INSTRUCTIONS TO FOLLOW | All that is wanted is the exact lines from the one with "Eine Frau hält" through the last line of the entries, with both ends kept and every picture left out.

RECORDS FOR PROCESSING |
-=-=-

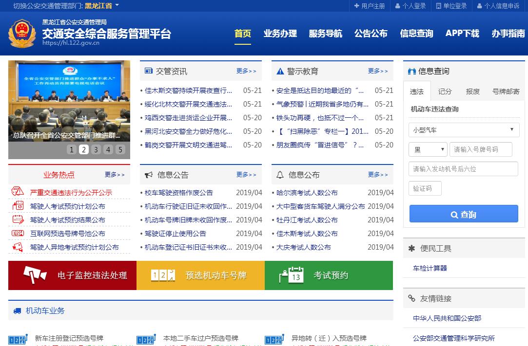 | 網(wǎng)站名稱: | 黑龍江省公安交通管理局互聯(lián)網(wǎng)交通安全服務管理平臺 | ||
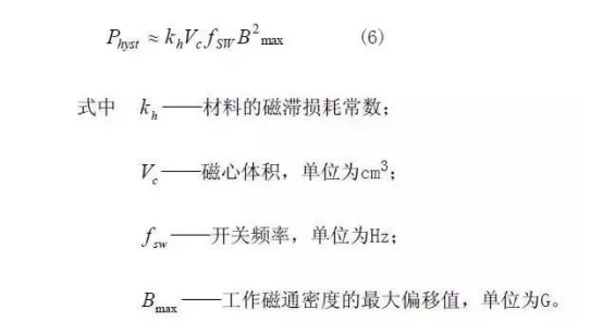 磁滯損耗與繞組的匝數(shù)和驅(qū)動辦法有關(guān)。它挑選了每個作業(yè)周期在B-H曲線內(nèi)掃過的面積。掃過的面積便是磁場力所作的功,磁場力使磁心內(nèi)的磁疇重新排列,掃過的面積越大,磁滯損耗就越大。該損耗由式(6)給出。
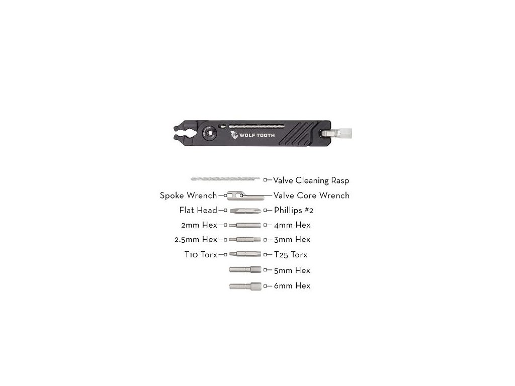 - 17 funkcí: centrovací klíč; klíč na jádra ventilků, bity: rovný šroubovák #3.5 a křížový Phillips #2 imbusy 2, 2.5, 3, 4, 5, 6, a 8mm; torxy T10, T25; kleště na rychlospojky řetězů; čistič zalepených těl ventilků; kleště na dotažení x povolení matky ventilků
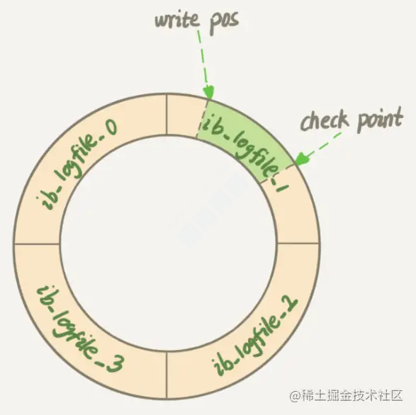 redo log大小是固定,且是环型写入的,如下图(图片来源于MySQL 实战 45 讲):redo log写满了,要刷脏页。这种情况要尽量避免的。因为出现这种情况时,整个系统就不能再接受更新啦,即所有的更新都必须堵住。内存不够了,需要新的内存页,就要淘汰一些数据页,这时候会刷脏页
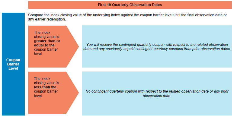 If, on any observation date, the index closing value or the final index value, as applicable, is greater than or equal to the coupon barrier level, we will pay a contingent quarterly coupon at an annual rate of 12.00% to 14.00% (corresponding to approximately $30.00 to $35.00 per quarter per security, to be determined on the pricing date) on the related coupon payment date plus any previously unpaid contingent quarterly coupons from prior observation dates.
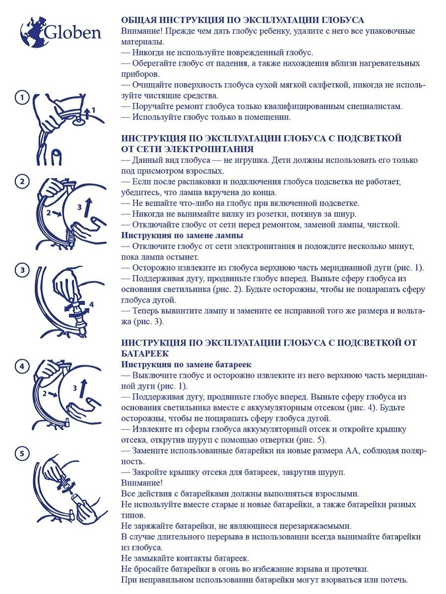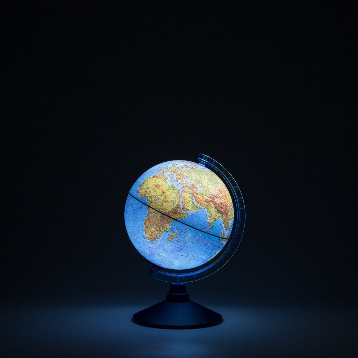 Globen Глобус Земли физический рельефный с подсветкой от батареек, диаметр 21 см.
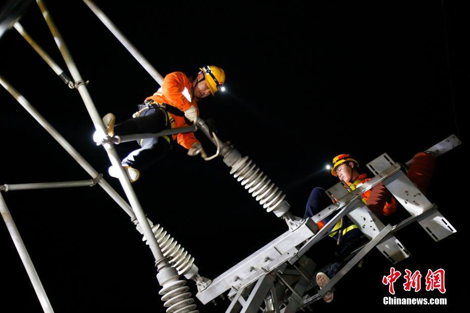 接触网工在支架上进行腕臂检修。文/张富淼 图/丁波
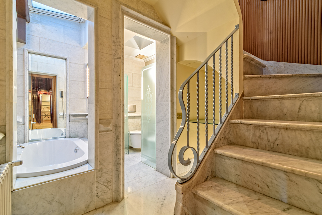 Consta de 4 dormitorios dobles exteriores (3 en suite), vestidores, despacho, biblioteca, zona de servicio con acceso privativo y 5 cuartos de baño completos. Sus estancias cuentan con aire acondicionado por conductos con bomba de calor, calefacción de gas y domótica.
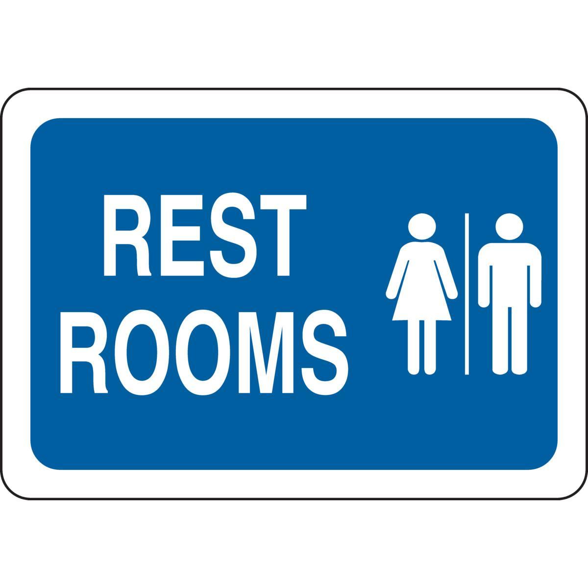 - Height:10 inLanguage:EnglishLegend:RESTROOMSLegend Style:Symbol/TextLegend/Background Color:Blue on whiteMaterial:B-555 AluminumMounting Type:Corner Hole, Corner Holes, FastenedType:RectangularWidth:7 in
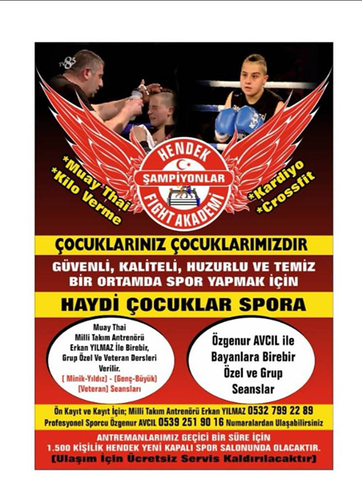 Muay Thai milli takım antrenörü Erkan Yılmaz ( çocuklarınız çocuklarımızdır haydi çocuklar spora) sloganıyla Hendek Şampiyonlar Fıght Akademi adı ile kurduğu Spor Salonu 24 Şubat 2021 Çarşamba günü Hendek yeni kapalı spor salonunda antrenmanlarına başlayacaktır.
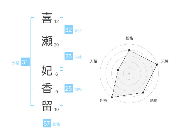 喜瀬 妃香留さんを姓名の画数から五運を鑑定
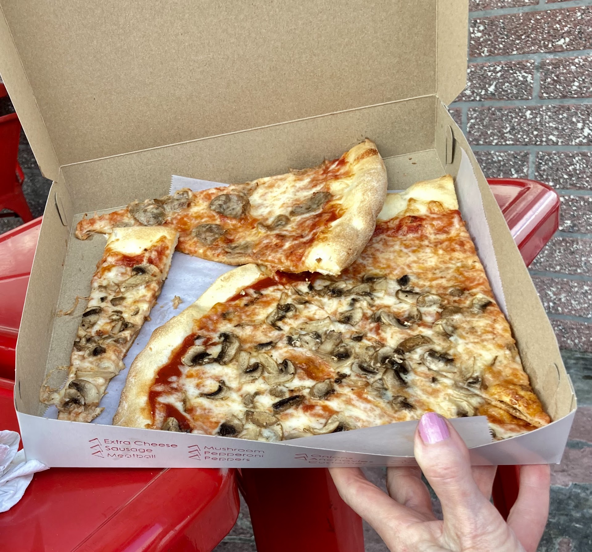 I went inside and asked about the different slices of pizzas on display. The server/waitress at the time stopped to tell me what the different slices were. I thanked her for her time and waited at the counter for someone to take my order.
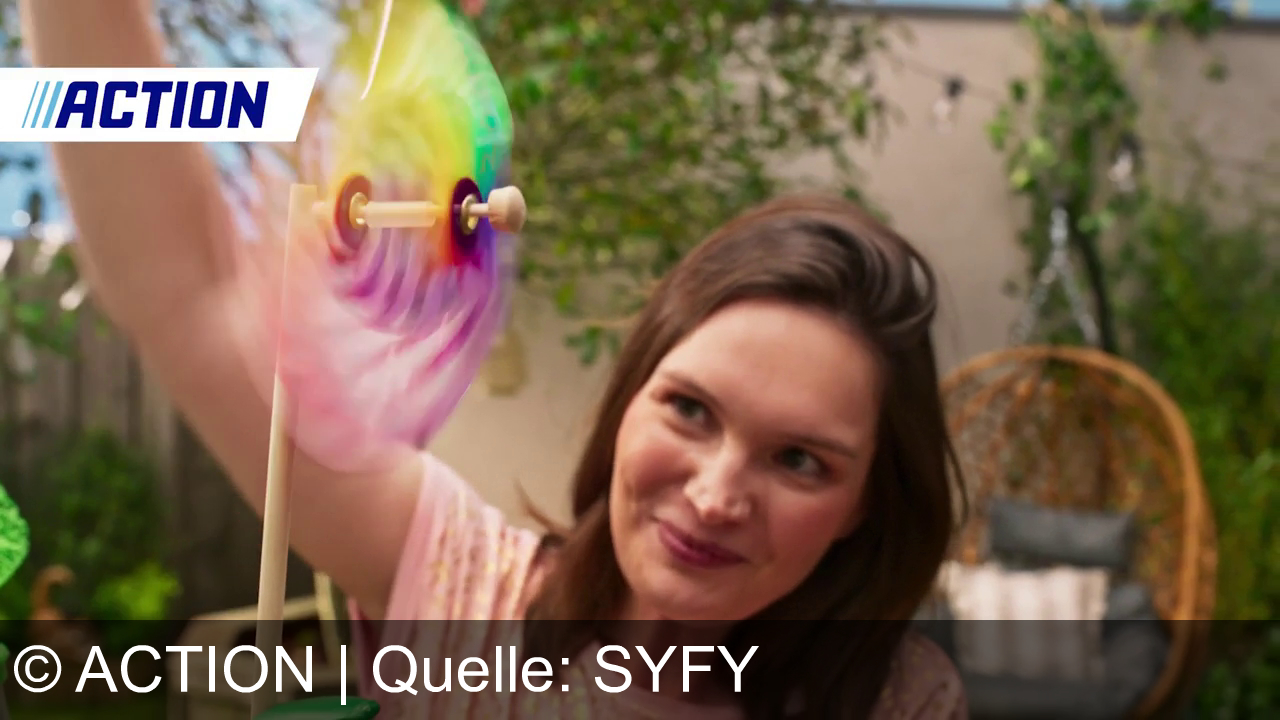 Eine Frau hält ein buntes Windrad und lächelt. Im Hintergrund sind grüne Pflanzen und ein Rattan-Hängesessel zu sehen. Oben links steht "ACTION" in blauer Schrift.
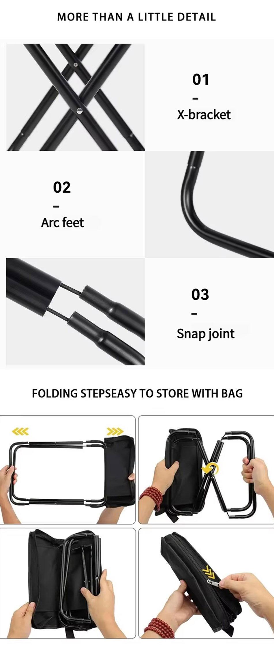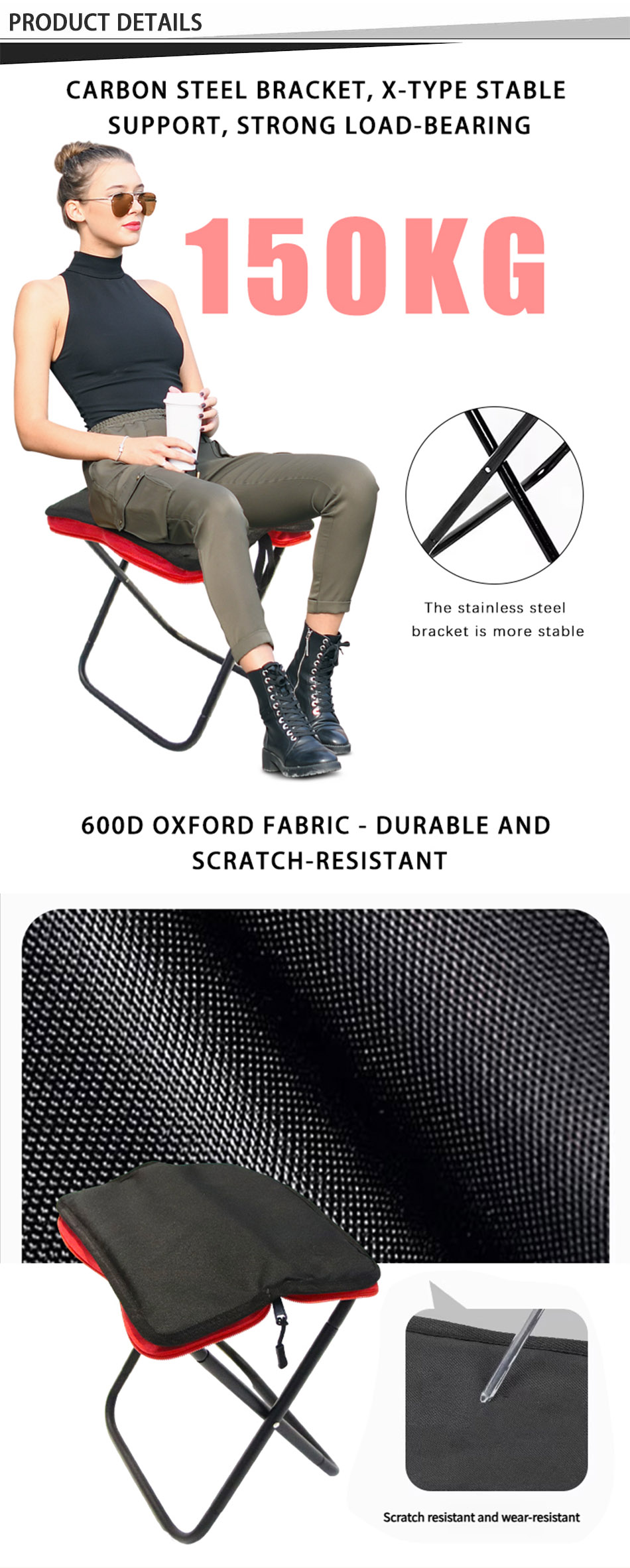 Produit : Ce mini tabouret de randonnée combine un tissu Oxford résistant et pliable avec une poche astucieuse faisant office de trousse, offrant portabilité, confort et praticité pour le camping et les aventures en plein air.

-=-=-

ANSWER BOX |
 Eine Frau hält ein buntes Windrad und lächelt. Im Hintergrund sind grüne Pflanzen und ein Rattan-Hängesessel zu sehen. Oben links steht "ACTION" in blauer Schrift.
 Produit : Ce mini tabouret de randonnée combine un tissu Oxford résistant et pliable avec une poche astucieuse faisant office de trousse, offrant portabilité, confort et praticité pour le camping et les aventures en plein air.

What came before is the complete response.